#### [Activity]
Beneath this line is the data. Output exactly the lines from the line with "Ministers @KTRTRS and" to the line with "(5)Informer Bao Yumei, female, now", both ends included, and nothing more.

#### [Dataset]
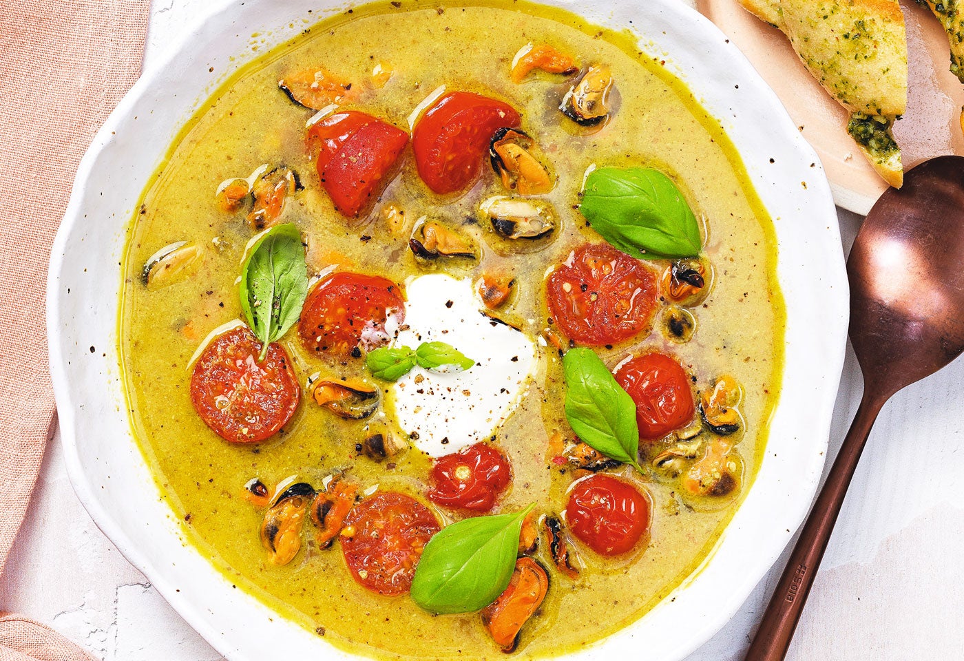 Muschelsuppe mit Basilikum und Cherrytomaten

* * *

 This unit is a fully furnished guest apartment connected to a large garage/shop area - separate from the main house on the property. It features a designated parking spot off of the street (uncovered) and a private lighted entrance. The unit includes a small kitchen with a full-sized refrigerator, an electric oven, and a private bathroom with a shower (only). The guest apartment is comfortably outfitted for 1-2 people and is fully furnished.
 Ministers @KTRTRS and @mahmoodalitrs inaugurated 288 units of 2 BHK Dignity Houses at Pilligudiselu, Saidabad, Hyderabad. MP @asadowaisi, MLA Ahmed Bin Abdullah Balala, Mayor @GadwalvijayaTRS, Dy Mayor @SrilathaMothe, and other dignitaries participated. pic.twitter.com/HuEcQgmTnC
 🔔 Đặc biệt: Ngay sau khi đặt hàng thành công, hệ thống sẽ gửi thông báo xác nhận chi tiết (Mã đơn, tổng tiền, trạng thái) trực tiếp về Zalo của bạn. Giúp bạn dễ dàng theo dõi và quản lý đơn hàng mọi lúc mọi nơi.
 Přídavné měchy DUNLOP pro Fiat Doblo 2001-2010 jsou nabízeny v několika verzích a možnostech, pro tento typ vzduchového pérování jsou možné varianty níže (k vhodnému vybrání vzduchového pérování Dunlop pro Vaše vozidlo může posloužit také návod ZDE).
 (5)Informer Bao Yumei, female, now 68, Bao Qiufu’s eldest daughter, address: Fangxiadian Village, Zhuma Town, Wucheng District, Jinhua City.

#### [Solved exercise]
 Ministers @KTRTRS and @mahmoodalitrs inaugurated 288 units of 2 BHK Dignity Houses at Pilligudiselu, Saidabad, Hyderabad. MP @asadowaisi, MLA Ahmed Bin Abdullah Balala, Mayor @GadwalvijayaTRS, Dy Mayor @SrilathaMothe, and other dignitaries participated. pic.twitter.com/HuEcQgmTnC
 🔔 Đặc biệt: Ngay sau khi đặt hàng thành công, hệ thống sẽ gửi thông báo xác nhận chi tiết (Mã đơn, tổng tiền, trạng thái) trực tiếp về Zalo của bạn. Giúp bạn dễ dàng theo dõi và quản lý đơn hàng mọi lúc mọi nơi.
 Přídavné měchy DUNLOP pro Fiat Doblo 2001-2010 jsou nabízeny v několika verzích a možnostech, pro tento typ vzduchového pérování jsou možné varianty níže (k vhodnému vybrání vzduchového pérování Dunlop pro Vaše vozidlo může posloužit také návod ZDE).
 (5)Informer Bao Yumei, female, now 68, Bao Qiufu’s eldest daughter, address: Fangxiadian Village, Zhuma Town, Wucheng District, Jinhua City.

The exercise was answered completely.